Corporations provided 53% of all the donations over $100 reported by Hamilton’s mayor and councillors, even though six of the sixteen collected none at all. That’s because nine of the other ten got at least two-thirds of their campaign money from corporate donors.
Maria Pearson topped the list, collecting 82% of her funds from corporations. She was closely followed by Bernie Morelli (80%) and Sam Merulla (79%). Dave Mitchell, Terry Whitehead, Lloyd Ferguson, Tom Jackson and Chad Collins were clustered in the 73-75% range, while Brad Clark got 69% of his financial support from corporate donors.
Margaret McCarthy, Mayor Eisenberger, Russ Powers, Brian McHattie, Bob Bratina and Scott Duvall were at the other end of the scale with zero donations from corporations. The first five also took nothing from unions, while Duvall got 45% of his funds from that source.
The remaining councillor, Robert Pasuta, got 40% of his funds from businesses, mainly incorporated farms in his rural ward, and the rest from individuals or his own pocket.
McCarthy took no donations of any kind, personally financing her entire campaign. Russ Powers paid for about three-fifths of his election costs, and got the rest from individuals. Bratina, Eisenberger and McHattie relied 100% on individual donors.
Overall, individual contributions accounted for 24% of campaign funds. That helped put Hamilton citizens in the middle of the pack compared to those in the Toronto area.
York university professor Robert MacDermid released a widely-reported study last week documenting the donations to the 131 winning candidates in Toronto and nine of its suburbs. He found dramatic differences, with citizens donating fully 75% of campaign funds to Toronto winners, but only 11.5% in Oshawa, and under 16% in both Brampton and Whitby. Mississauga, Ajax, Richmond Hill and Vaughn joined Hamilton in the 20-30% range while Markham candidates got almost half their donations from individuals.
Brampton councillors had the highest reliance on corporate largesse at 82%, with Richmond Hill and Pickering close behind at 79%. Hamilton’s 53% was fourth lowest, just behind Markham’s 52%, but still a long way from Ajax and Toronto at 29% and 19% respectively.
Hamilton easily ranked number one in union donations which accounted for nearly 9% of local contributions. The next closest in this category was Toronto at less than 3%. MacDermid’s study doesn’t indicate which unions were contributors, but in Hamilton the field was dominated by those in the construction field.
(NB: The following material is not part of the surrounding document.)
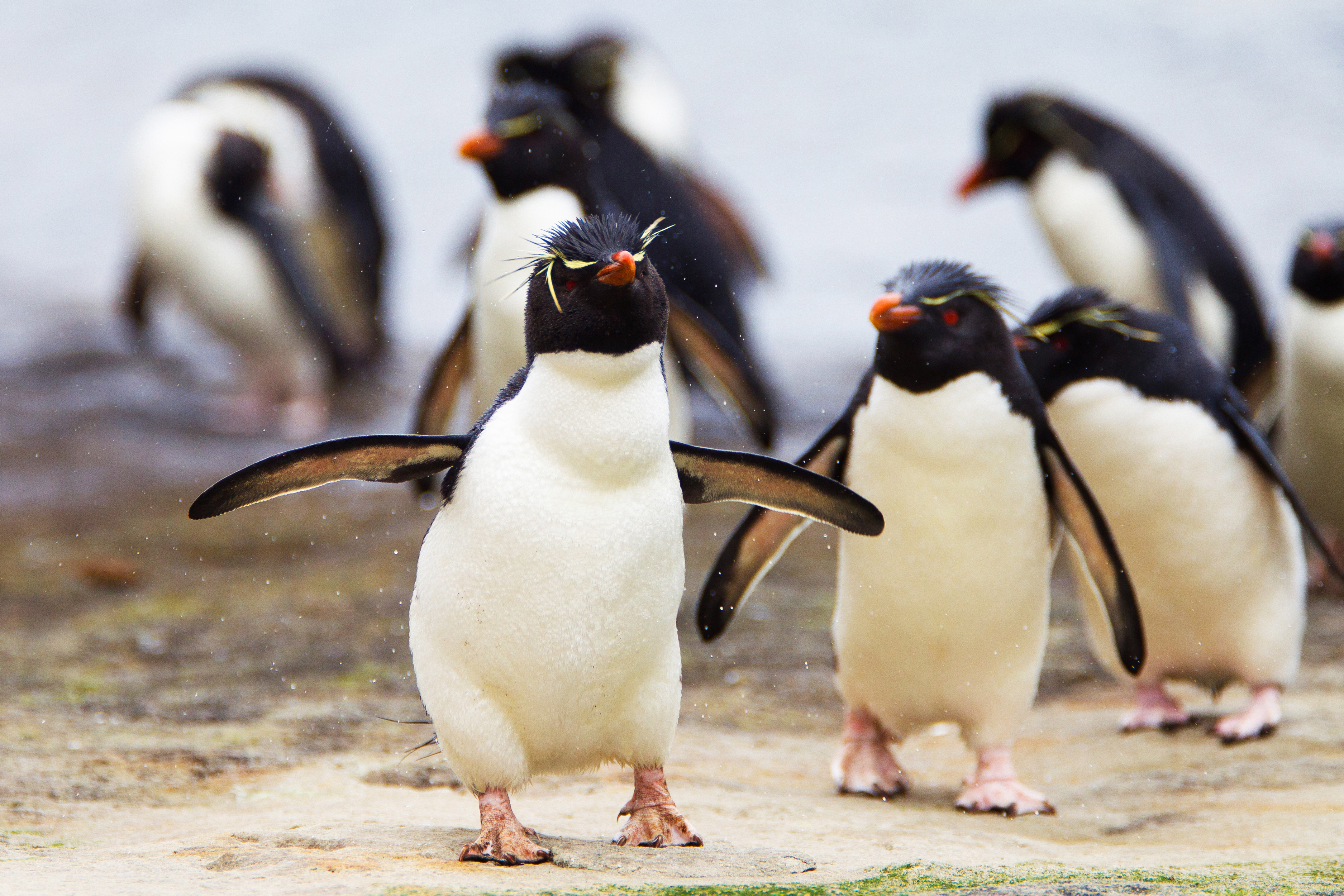 På landstigningsplatserna välkomnades av en pingvinkommitté - Magellanpingvinerna som häckade i jordhålor likt kaniner, åsnepingviner som spatserade på stränderna och kaxiga klipphopparpingviner som hoppade framför benen på en när man gick på gångarna bland det meterhöga tussockgräset.

Duvall collected nearly $11,000 of the $25,000 donated by unions. Nearly all the rest went to Morelli, Whitehead, Collins, Jackson and Merulla. Winners who received no money from unions were Bratina, Clark, Eisenberger, Ferguson, McCarthy, McHattie, Mitchell, Pasuta and Powers.
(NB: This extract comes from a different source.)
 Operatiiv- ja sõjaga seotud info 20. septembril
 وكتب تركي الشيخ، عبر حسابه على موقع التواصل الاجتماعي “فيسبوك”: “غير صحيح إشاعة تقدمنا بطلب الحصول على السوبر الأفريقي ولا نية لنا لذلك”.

MacDermid found only 17 Toronto area victors who took no corporate donations, including Toronto mayor David Miller. That amounts to less than 2% of the GTA winners – compared to more than a third of Hamilton’s elected officials. At the other extreme MacDermid reports that 19 councillors got more at least 90 percent of their donations from corporations.
Among reforms he is calling for is a ban on corporate donations – a rule already adopted at the national level and in provincial politics in Manitoba and Quebec.
“Allowing corporations to give is discriminatory as it allows people who hold wealth in corporate forms to give twice to a candidate,” argues MacDermid.
The province makes these rules, a potential issue in this fall’s provincial election.